At a time when so many giant fires are consuming vast areas of forest habitat and killing so many large oaks and conifers, CSERC continues to press for science-based thinning logging and prescribed burning projects that can greatly reduce the severity of wildfires. As our staff does forest monitoring, we frequently find large “slash” piles of waste wood left from thinning projects, or the cutting of hazard trees along roads, or the removal of small diameter trees that can act as a “ladder fuels” to carry surface fires up into the crowns of trees.
One Forest Service forester shared that, just within the Stanislaus Forest, there are more than 1,000 large piles that will be burned - there in the forest - without any filtering of the air quality contaminants. In contrast, when transportation costs are low enough, those huge waste wood piles can be chipped, and the chips can be trucked to biomass plants where filters remove the vast majority of air pollutants when the chips are burned.
Yet instead of praising the Forest Service for trying to minimize air pollution by selling the waste wood chips to biomass plants, some environmental groups have railed against biomass removal as a supposed threat to the forests. They misleadingly claim that biomass removal won’t leave enough snags or down logs for wildlife. In reality, there are more than 100 million recently dead trees shown by aerial surveys that are scattered across the region. In addition every USFS project is required to leave an average of 4 or more snags per acre. A second misleading claim from biomass opponents is that biomass removal contaminates air quality. In reality, the piles will either be burned in the open with no filtering of pollutants, or the same wood will be burned far more cleanly at biomass cogeneration plants – where burning actually creates electricity, as well. One way or the other, the waste wood will be burned.
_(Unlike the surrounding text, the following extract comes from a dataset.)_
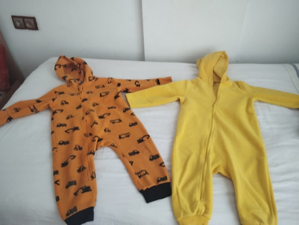 Kapüşonlu ve fermuarlı, uzun kollu sarı renkli yumuşak ve sıcak kumaştan bebek tulumu. Street wear tarzında.2adet fiyatıdır

It makes sense to burn it as cleanly as possible.
CSERC strongly supports biomass removal due to the benefits to air quality and the extremely unnatural amount of small woody material that has built up in public forests due to a century of fire suppression. When conservation groups fight beneficial forest projects (such as biomass removal) based on misinformation, it can lead to agency decision-makers broadly categorizing environmental input as unfounded and irrelevant.